Strained Premixed Laminar Flames Under Nonadiabatic Conditions

Abstract

The method of activation energy asymptotics is used to describe the behavior and characteristics of nonadiabatic flamelets involving counterflowing reactants and products under the assumption of a unity Lewis number. For moderate and low rates of strain the results are analogous to those obtained in earlier applications of the method, namely reaction zones which are maintained in a first approximation by a diffusive-reactive balance. Indeed for low rates of strain many features of flamelet behavior are independent of the extent of the nonadiabaticity since the reaction zone is insulated from the stream of altered enthalpy by a diffusive-convective zone near the stagnation point. Two limiting processes are considered. One pertains to nearly adiabatic flamelets and exposes the principal qualitative results of this study. The second pertains to the full, nonadiabatic case.
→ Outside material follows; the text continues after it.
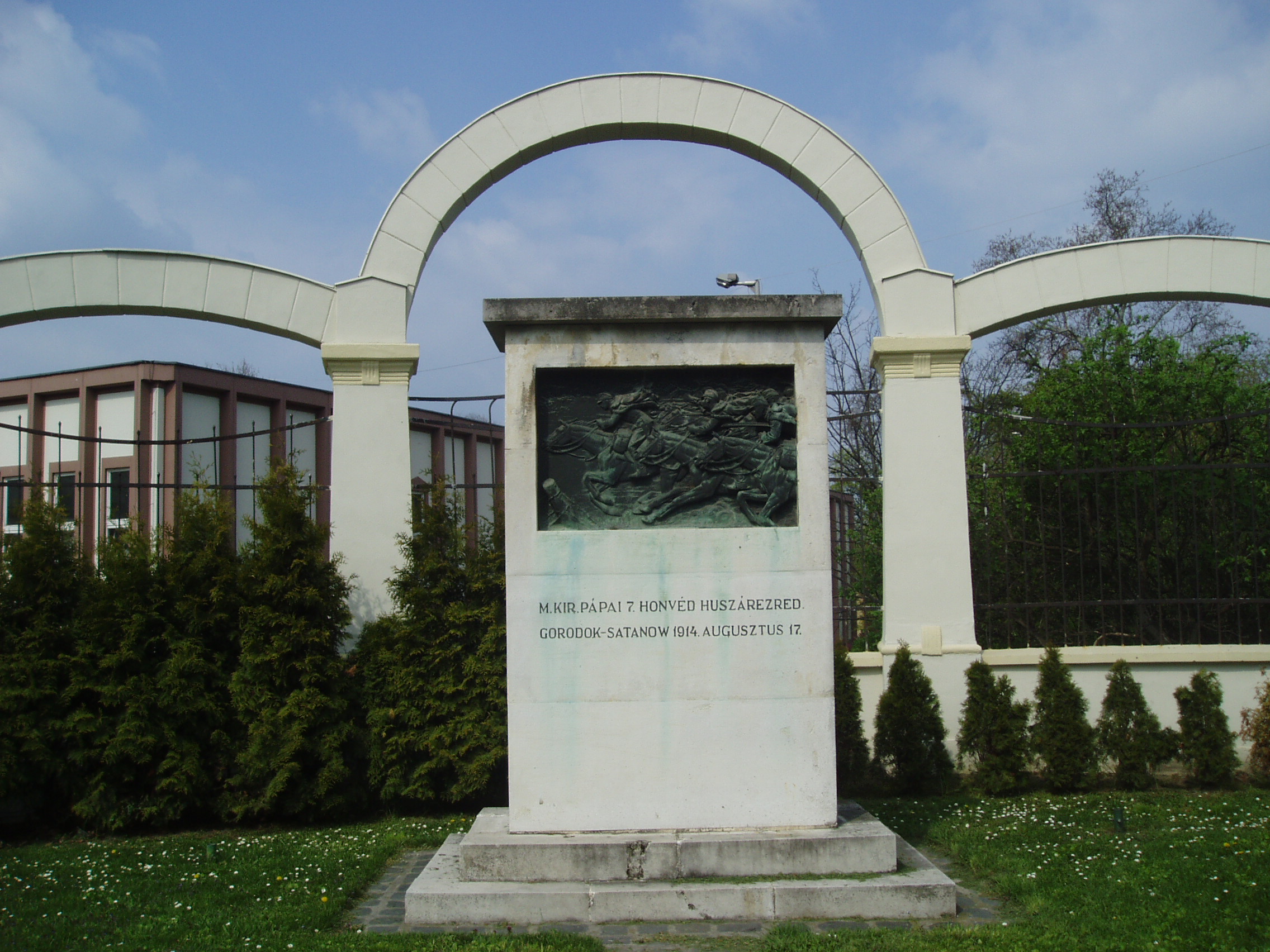 Nyilvános 909 | 1952 | Pápa, Esterházy út: a pápai 7-es huszárok emlékműve | Az Esterházy-kastély közelében, a színház irányában áll a pápai 7-es huszárezred emlékműve. Manno Miltiades domborműve az első világháború egyik hadvezetési baklövéseként bekövetkezett tragédiát idézi: az ezred elpusztult Galíciában. A fénykép 2007 áprilisában készült. Felh. irod.: Pápa. Szerk.: Sz. Farkas Aranka. Bp., Magyar Képek, 2000 |

Flamelets with product streams having elevated enthalpies are shown to possess essentially the same features as the adiabatic flamelets studied earlier. On the contrary, flamelets with cooled product streams involve complex behavior depending on the extent of the nonadiabaticity and the rate of strain. In particular the continuous behavior shown to prevail in an earlier study when adiabatic flamelets are subjected to varying rates of strain is replaced if the product stream is suitably cooled by abrupt transitions involving altered locations of the reaction zone and altered rates of creation of product. These transitions are interpreted in terms of extinction and ignition. A special treatment is provided for flamelets subjected to high rates of strain and thus involving reaction zones with diffusion, convection and chemical reaction all operative. Density variations of practical interest are considered in the numerical examples.